• _RECORDS FOR PROCESSING_:
####

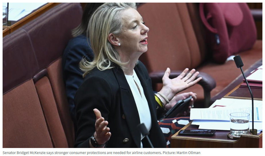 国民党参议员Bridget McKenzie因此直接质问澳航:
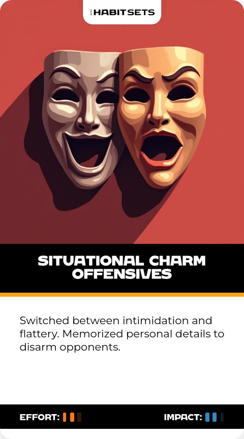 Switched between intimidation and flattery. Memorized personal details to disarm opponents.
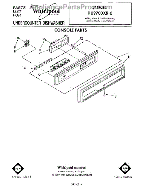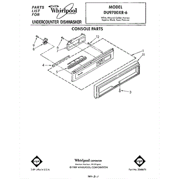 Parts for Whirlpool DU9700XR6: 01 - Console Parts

####

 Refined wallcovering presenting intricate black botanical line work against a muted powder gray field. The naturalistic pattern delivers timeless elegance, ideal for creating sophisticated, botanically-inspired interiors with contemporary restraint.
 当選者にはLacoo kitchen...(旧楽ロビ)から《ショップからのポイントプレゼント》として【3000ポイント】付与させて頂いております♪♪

####

• _WHAT THE TASK ASKS_:
Retype exactly, and only, the lines above from the one where "Refined wallcovering presenting" occurs up to and including the one where "当選者にはLacoo kit" occurs.

• _ANSWER SECTION_:
 Refined wallcovering presenting intricate black botanical line work against a muted powder gray field. The naturalistic pattern delivers timeless elegance, ideal for creating sophisticated, botanically-inspired interiors with contemporary restraint.
 当選者にはLacoo kitchen...(旧楽ロビ)から《ショップからのポイントプレゼント》として【3000ポイント】付与させて頂いております♪♪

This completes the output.